* [Supplied data]
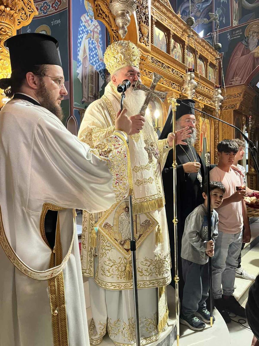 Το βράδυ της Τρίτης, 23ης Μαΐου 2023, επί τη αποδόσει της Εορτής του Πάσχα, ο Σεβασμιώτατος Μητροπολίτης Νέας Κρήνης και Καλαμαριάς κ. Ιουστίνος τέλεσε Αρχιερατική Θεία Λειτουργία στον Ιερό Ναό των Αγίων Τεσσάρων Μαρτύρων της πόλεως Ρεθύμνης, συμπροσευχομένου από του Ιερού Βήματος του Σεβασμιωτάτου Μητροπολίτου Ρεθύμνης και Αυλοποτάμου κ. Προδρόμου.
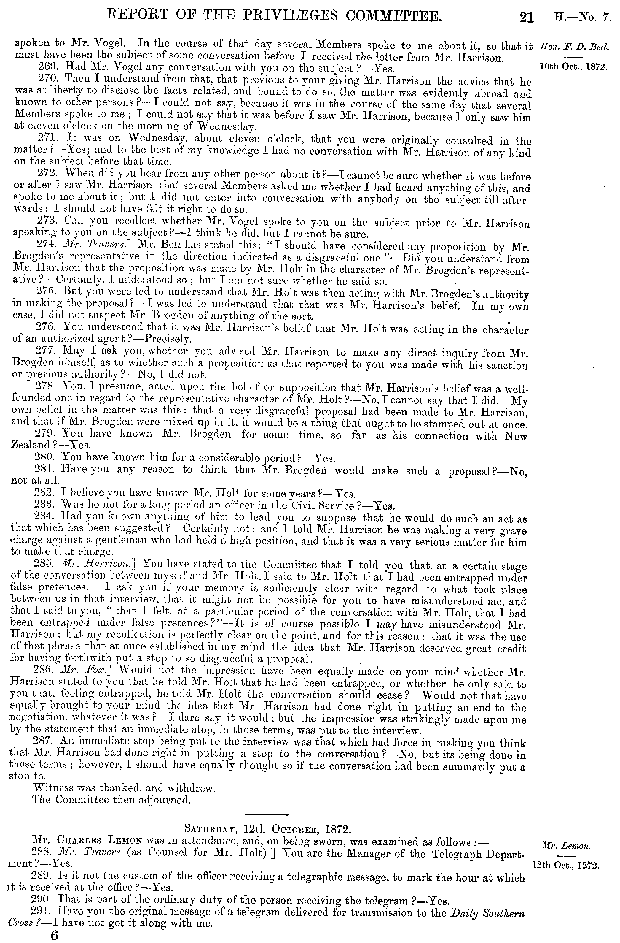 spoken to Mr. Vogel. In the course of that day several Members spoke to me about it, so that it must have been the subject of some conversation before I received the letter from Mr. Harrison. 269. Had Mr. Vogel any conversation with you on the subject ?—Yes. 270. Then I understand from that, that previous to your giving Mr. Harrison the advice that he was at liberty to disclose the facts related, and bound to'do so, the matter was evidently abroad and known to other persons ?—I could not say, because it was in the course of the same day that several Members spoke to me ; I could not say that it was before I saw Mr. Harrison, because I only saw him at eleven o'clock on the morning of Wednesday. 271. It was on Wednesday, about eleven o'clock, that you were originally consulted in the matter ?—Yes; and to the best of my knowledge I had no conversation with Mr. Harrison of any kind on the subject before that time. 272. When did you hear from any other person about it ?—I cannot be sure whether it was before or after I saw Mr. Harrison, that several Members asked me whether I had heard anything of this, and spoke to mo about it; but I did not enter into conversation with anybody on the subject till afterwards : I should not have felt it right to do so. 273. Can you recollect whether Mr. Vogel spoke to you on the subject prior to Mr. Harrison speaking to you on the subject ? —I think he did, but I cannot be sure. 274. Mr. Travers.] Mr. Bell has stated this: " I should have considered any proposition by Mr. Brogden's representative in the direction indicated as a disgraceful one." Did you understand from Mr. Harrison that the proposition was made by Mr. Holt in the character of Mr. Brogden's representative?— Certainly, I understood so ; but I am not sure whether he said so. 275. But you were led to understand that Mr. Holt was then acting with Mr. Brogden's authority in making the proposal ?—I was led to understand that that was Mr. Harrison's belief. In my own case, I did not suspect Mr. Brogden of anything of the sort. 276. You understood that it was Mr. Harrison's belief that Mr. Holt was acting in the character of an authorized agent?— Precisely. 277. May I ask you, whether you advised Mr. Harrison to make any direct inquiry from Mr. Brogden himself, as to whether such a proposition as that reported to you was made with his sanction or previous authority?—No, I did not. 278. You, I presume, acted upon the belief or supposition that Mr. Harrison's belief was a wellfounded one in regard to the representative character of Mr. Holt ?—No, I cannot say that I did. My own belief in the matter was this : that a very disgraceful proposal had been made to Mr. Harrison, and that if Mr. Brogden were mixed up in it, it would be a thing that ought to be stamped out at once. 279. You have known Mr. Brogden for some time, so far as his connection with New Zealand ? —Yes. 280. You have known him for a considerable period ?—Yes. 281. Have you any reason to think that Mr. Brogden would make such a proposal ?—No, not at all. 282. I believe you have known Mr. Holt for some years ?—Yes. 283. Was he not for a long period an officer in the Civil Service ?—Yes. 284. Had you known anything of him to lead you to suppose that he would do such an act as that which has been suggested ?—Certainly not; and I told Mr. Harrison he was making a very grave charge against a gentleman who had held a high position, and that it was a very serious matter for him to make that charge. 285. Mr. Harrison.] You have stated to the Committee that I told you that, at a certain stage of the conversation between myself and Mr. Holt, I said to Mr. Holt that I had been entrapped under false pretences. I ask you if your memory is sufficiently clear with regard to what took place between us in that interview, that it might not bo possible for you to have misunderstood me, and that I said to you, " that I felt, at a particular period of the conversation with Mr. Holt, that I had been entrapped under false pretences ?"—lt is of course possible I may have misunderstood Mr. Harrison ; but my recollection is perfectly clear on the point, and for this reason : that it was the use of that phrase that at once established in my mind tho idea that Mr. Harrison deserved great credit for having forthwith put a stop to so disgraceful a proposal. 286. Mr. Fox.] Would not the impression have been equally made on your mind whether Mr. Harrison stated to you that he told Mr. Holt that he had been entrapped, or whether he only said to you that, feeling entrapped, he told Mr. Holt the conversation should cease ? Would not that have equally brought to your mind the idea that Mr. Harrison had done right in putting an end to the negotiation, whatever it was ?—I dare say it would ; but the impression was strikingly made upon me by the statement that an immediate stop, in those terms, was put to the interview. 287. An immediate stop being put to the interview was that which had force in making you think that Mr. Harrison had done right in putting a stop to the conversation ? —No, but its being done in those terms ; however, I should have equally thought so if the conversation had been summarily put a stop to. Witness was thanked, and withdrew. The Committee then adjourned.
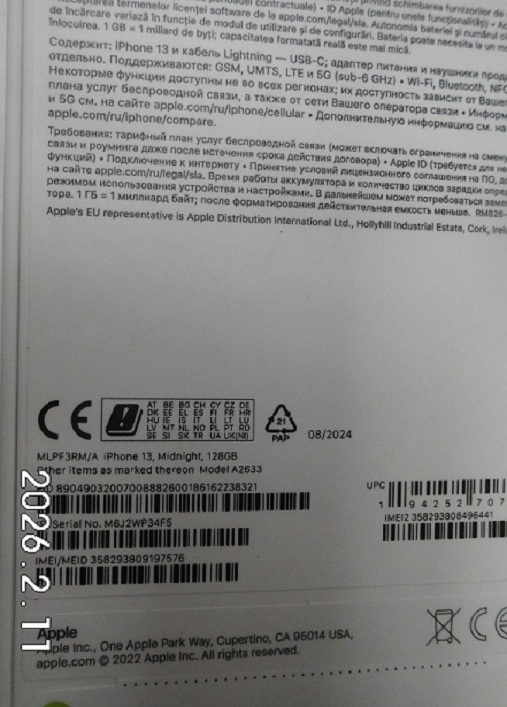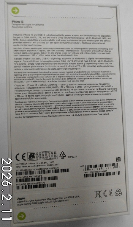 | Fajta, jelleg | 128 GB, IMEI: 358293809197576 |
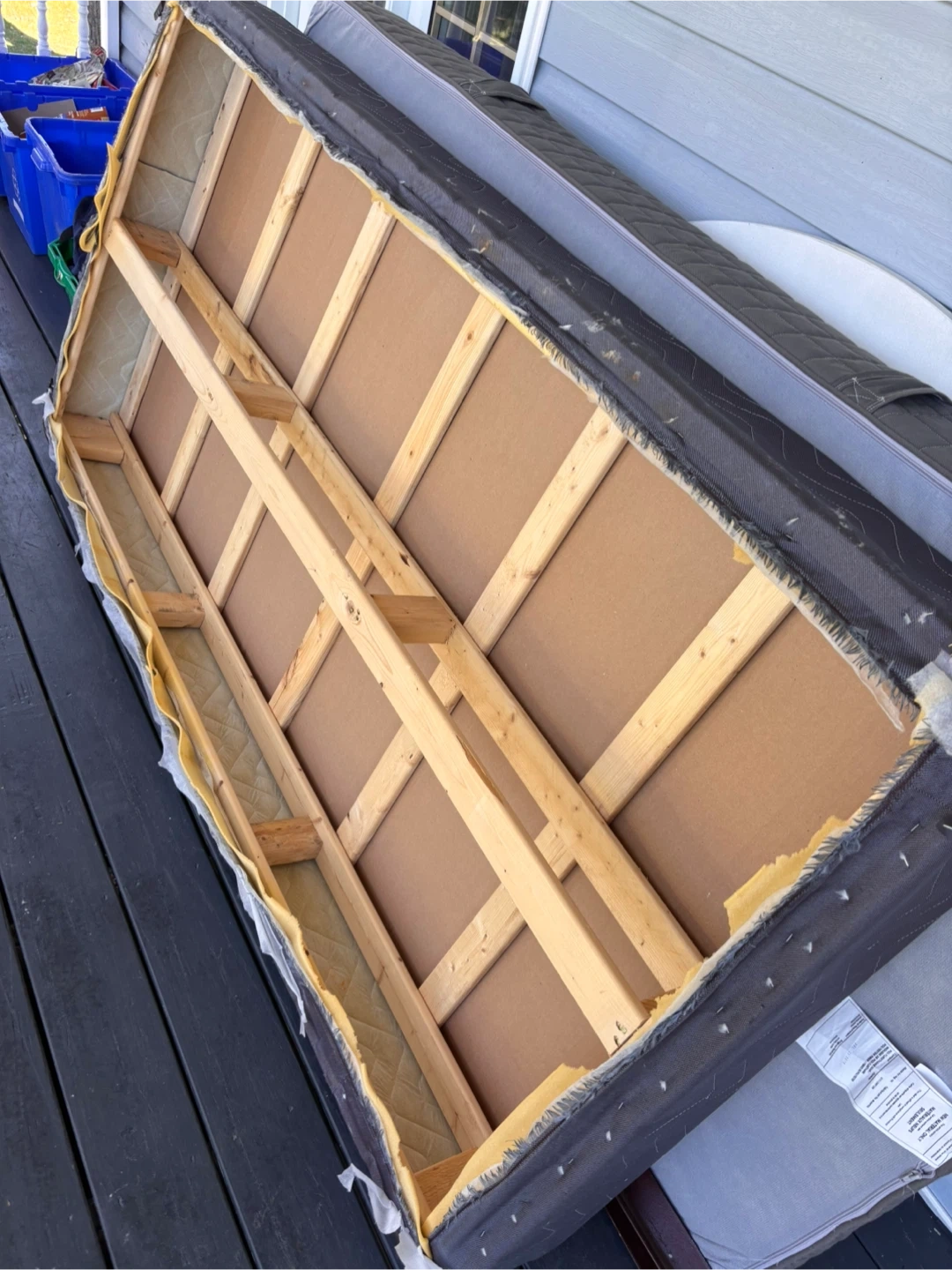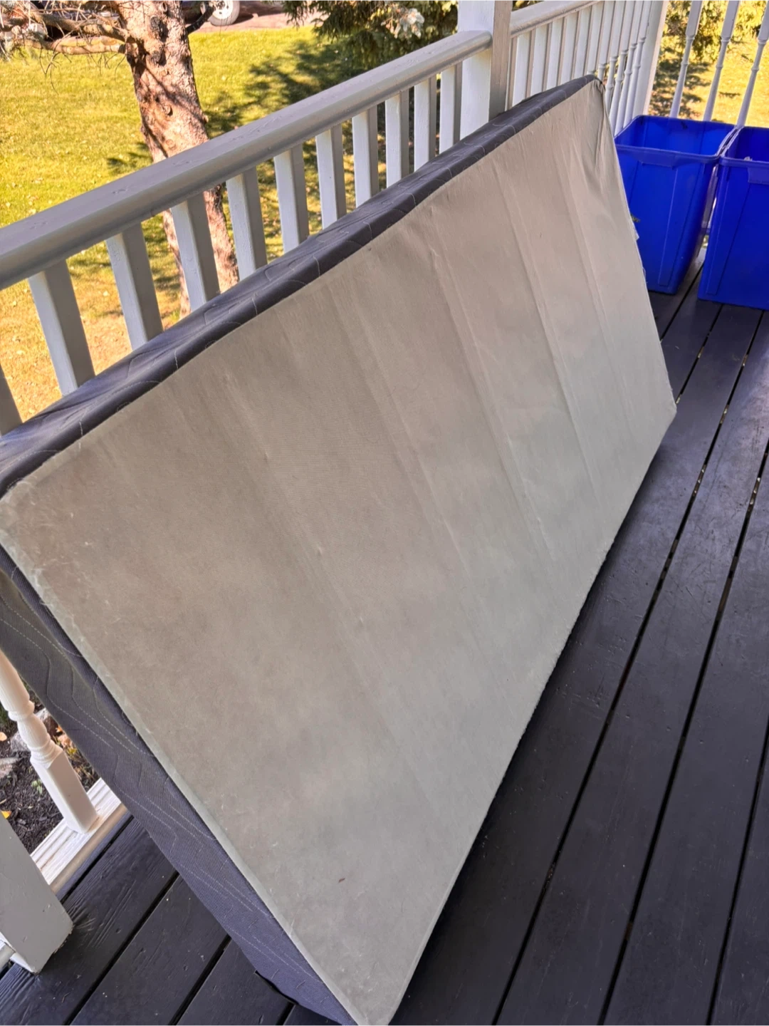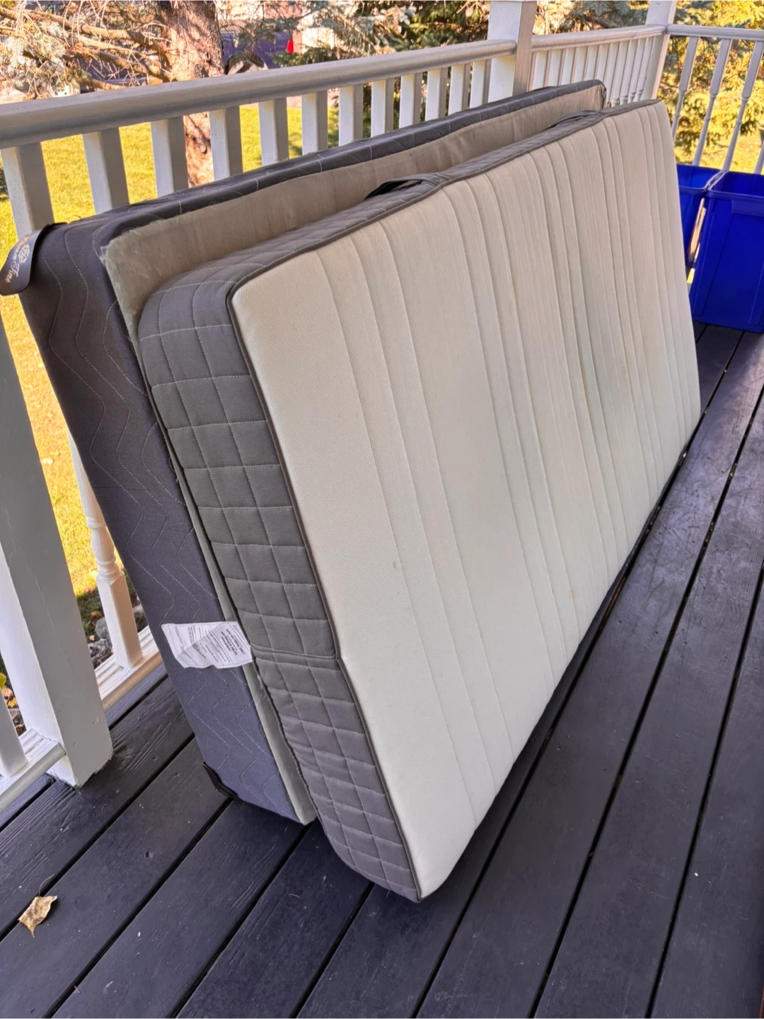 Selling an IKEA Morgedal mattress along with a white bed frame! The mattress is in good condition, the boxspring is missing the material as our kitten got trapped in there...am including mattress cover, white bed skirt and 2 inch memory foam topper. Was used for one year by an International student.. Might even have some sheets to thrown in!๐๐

* [Task prompt] Copy the listing above word for word. Do not include the pictures.

* [Your response]
 Το βράδυ της Τρίτης, 23ης Μαΐου 2023, επί τη αποδόσει της Εορτής του Πάσχα, ο Σεβασμιώτατος Μητροπολίτης Νέας Κρήνης και Καλαμαριάς κ. Ιουστίνος τέλεσε Αρχιερατική Θεία Λειτουργία στον Ιερό Ναό των Αγίων Τεσσάρων Μαρτύρων της πόλεως Ρεθύμνης, συμπροσευχομένου από του Ιερού Βήματος του Σεβασμιωτάτου Μητροπολίτου Ρεθύμνης και Αυλοποτάμου κ. Προδρόμου.
 spoken to Mr. Vogel. In the course of that day several Members spoke to me about it, so that it must have been the subject of some conversation before I received the letter from Mr. Harrison. 269. Had Mr. Vogel any conversation with you on the subject ?—Yes. 270. Then I understand from that, that previous to your giving Mr. Harrison the advice that he was at liberty to disclose the facts related, and bound to'do so, the matter was evidently abroad and known to other persons ?—I could not say, because it was in the course of the same day that several Members spoke to me ; I could not say that it was before I saw Mr. Harrison, because I only saw him at eleven o'clock on the morning of Wednesday. 271. It was on Wednesday, about eleven o'clock, that you were originally consulted in the matter ?—Yes; and to the best of my knowledge I had no conversation with Mr. Harrison of any kind on the subject before that time. 272. When did you hear from any other person about it ?—I cannot be sure whether it was before or after I saw Mr. Harrison, that several Members asked me whether I had heard anything of this, and spoke to mo about it; but I did not enter into conversation with anybody on the subject till afterwards : I should not have felt it right to do so. 273. Can you recollect whether Mr. Vogel spoke to you on the subject prior to Mr. Harrison speaking to you on the subject ? —I think he did, but I cannot be sure. 274. Mr. Travers.] Mr. Bell has stated this: " I should have considered any proposition by Mr. Brogden's representative in the direction indicated as a disgraceful one." Did you understand from Mr. Harrison that the proposition was made by Mr. Holt in the character of Mr. Brogden's representative?— Certainly, I understood so ; but I am not sure whether he said so. 275. But you were led to understand that Mr. Holt was then acting with Mr. Brogden's authority in making the proposal ?—I was led to understand that that was Mr. Harrison's belief. In my own case, I did not suspect Mr. Brogden of anything of the sort. 276. You understood that it was Mr. Harrison's belief that Mr. Holt was acting in the character of an authorized agent?— Precisely. 277. May I ask you, whether you advised Mr. Harrison to make any direct inquiry from Mr. Brogden himself, as to whether such a proposition as that reported to you was made with his sanction or previous authority?—No, I did not. 278. You, I presume, acted upon the belief or supposition that Mr. Harrison's belief was a wellfounded one in regard to the representative character of Mr. Holt ?—No, I cannot say that I did. My own belief in the matter was this : that a very disgraceful proposal had been made to Mr. Harrison, and that if Mr. Brogden were mixed up in it, it would be a thing that ought to be stamped out at once. 279. You have known Mr. Brogden for some time, so far as his connection with New Zealand ? —Yes. 280. You have known him for a considerable period ?—Yes. 281. Have you any reason to think that Mr. Brogden would make such a proposal ?—No, not at all. 282. I believe you have known Mr. Holt for some years ?—Yes. 283. Was he not for a long period an officer in the Civil Service ?—Yes. 284. Had you known anything of him to lead you to suppose that he would do such an act as that which has been suggested ?—Certainly not; and I told Mr. Harrison he was making a very grave charge against a gentleman who had held a high position, and that it was a very serious matter for him to make that charge. 285. Mr. Harrison.] You have stated to the Committee that I told you that, at a certain stage of the conversation between myself and Mr. Holt, I said to Mr. Holt that I had been entrapped under false pretences. I ask you if your memory is sufficiently clear with regard to what took place between us in that interview, that it might not bo possible for you to have misunderstood me, and that I said to you, " that I felt, at a particular period of the conversation with Mr. Holt, that I had been entrapped under false pretences ?"—lt is of course possible I may have misunderstood Mr. Harrison ; but my recollection is perfectly clear on the point, and for this reason : that it was the use of that phrase that at once established in my mind tho idea that Mr. Harrison deserved great credit for having forthwith put a stop to so disgraceful a proposal. 286. Mr. Fox.] Would not the impression have been equally made on your mind whether Mr. Harrison stated to you that he told Mr. Holt that he had been entrapped, or whether he only said to you that, feeling entrapped, he told Mr. Holt the conversation should cease ? Would not that have equally brought to your mind the idea that Mr. Harrison had done right in putting an end to the negotiation, whatever it was ?—I dare say it would ; but the impression was strikingly made upon me by the statement that an immediate stop, in those terms, was put to the interview. 287. An immediate stop being put to the interview was that which had force in making you think that Mr. Harrison had done right in putting a stop to the conversation ? —No, but its being done in those terms ; however, I should have equally thought so if the conversation had been summarily put a stop to. Witness was thanked, and withdrew. The Committee then adjourned.
 | Fajta, jelleg | 128 GB, IMEI: 358293809197576 |
 Selling an IKEA Morgedal mattress along with a white bed frame! The mattress is in good condition, the boxspring is missing the material as our kitten got trapped in there...am including mattress cover, white bed skirt and 2 inch memory foam topper. Was used for one year by an International student.. Might even have some sheets to thrown in!๐๐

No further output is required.